Exercise prompt:
Exactly the lines from the first line of the records to the line holding "Комплект амуниции с" should be duplicated, and nothing more; pictures stay out.

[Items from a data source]
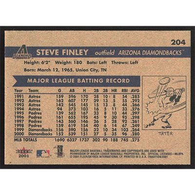 This is a 2001 Fleer Tradition Steve Finley baseball card. The card is #204 and pictures show condition.
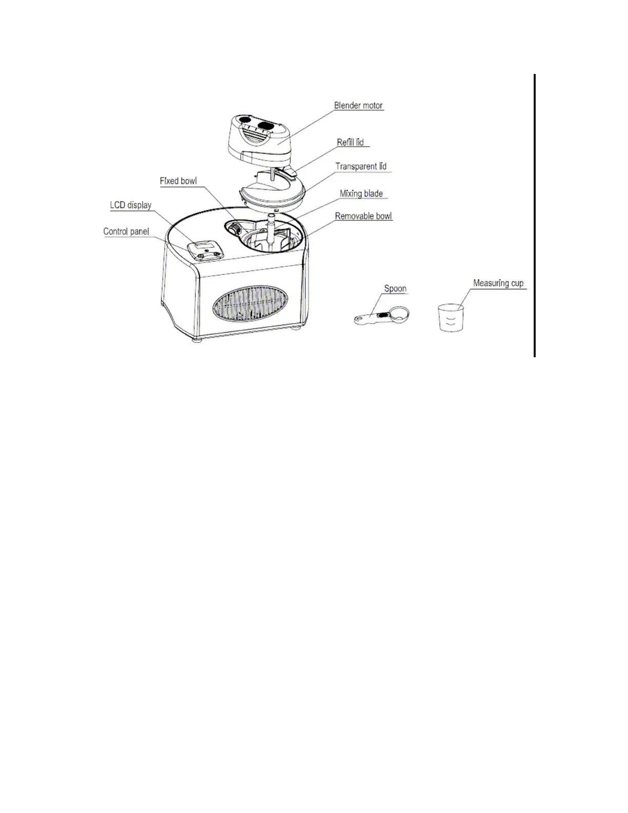 bowl, removable bowl, mixing blade, transparent lid, refill lid, measuring cup and spoon).
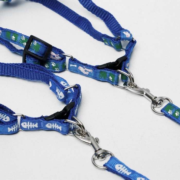 Комплект амуниции с мягкой шлейкой, поводок 120 х 1 см, ОГ 34-58 см, синяя клетка
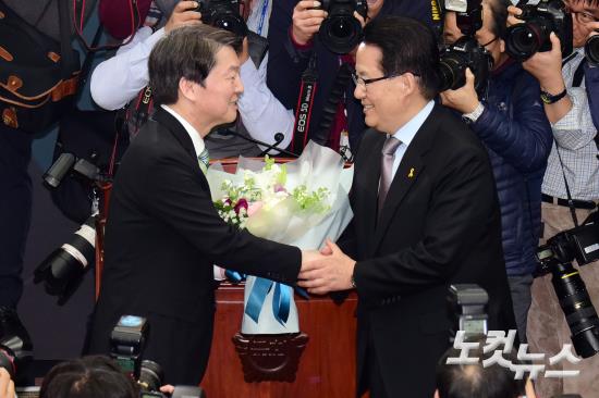 국민의당 박지원 대표가 5일 오전 국회에서 열린 당 최고위원·국회의원 연석회의에서 안철수 대선후보에게 꽃다발을 전달하고 있다.
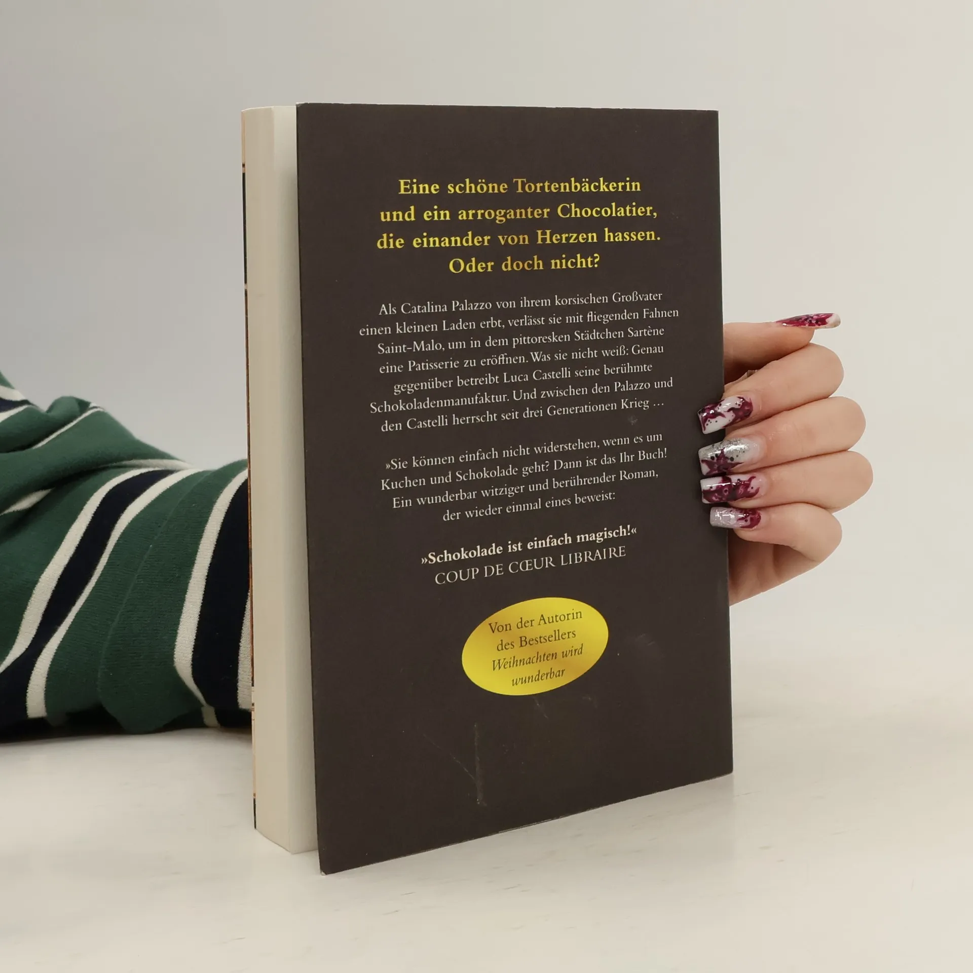 Seit sie denken kann, ist das Backen von Kuchen und Torten die große Leidenschaft der Patissière Catalina Palazzo. Die junge Frau stammt eigentlich aus Korsika, ist aber als kleines Mädchen mit ihrer Mutter in die Bretagne gezogen und hat seither kaum Kontakt zu ihren Großeltern gehabt. Das ändert sich, als ihre Mutter stirbt, ihre große Liebe sie betrügt und sie, als alles den Bach herunterzugehen droht, ein hübsches Ladenlokal und etwas Geld von ihrem korsischen Großvater erbt. Es ist wie ein Wunder zur rechten Zeit. Catalina beschließt ihr altes Leben hinter sich zu lassen und in dem Ort ihrer Kindheit ein neues Zuhause zu finden. Mit viel Liebe und Geschick macht sie aus dem alten Ladenlokal eine zauberhafte Patisserie. Keiner backt köstlichere Kuchen und Torten als sie, doch die Kundschaft bleibt seltsamerweise aus, während in der kleinen Schokoladenmanufaktur gegenüber die Leute Schlange stehen. Der gutaussehende, aber eher menschenfeindliche Luca Castelli ist einer der berühmtesten Chocolatiers Frankreichs. In der »Zuckerbäckerin von gegenüber«, wie er Catalina despektierlich nennt, wittert er sofort Konkurrenz. Nach jahrzehntelanger Familienfehde wird Catalinas Patisserie als Provokation empfunden, man ruft zum Boykott auf. Doch so schnell gibt Catalina sich nicht geschlagen. Sie wird es diesem arroganten Chocolatier schon zeigen ...
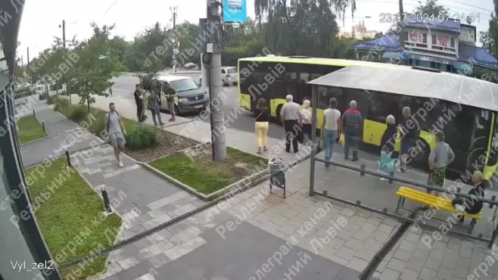 На видео видно, как сотрудники ТЦК сначала общались с одним мужчиной, а затем остановили другого, который шел с остановки.
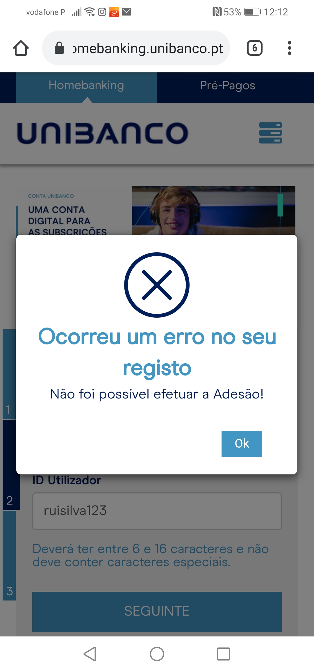 Em relação à Homebanking não estou a conseguir fazer a adesão aparecendo o erro que vou colocar em anexo mas amanhã quando ligar pra lá peço a ver se resolvem

Solution to the exercise:
 This is a 2001 Fleer Tradition Steve Finley baseball card. The card is #204 and pictures show condition.
 bowl, removable bowl, mixing blade, transparent lid, refill lid, measuring cup and spoon).
 Комплект амуниции с мягкой шлейкой, поводок 120 х 1 см, ОГ 34-58 см, синяя клетка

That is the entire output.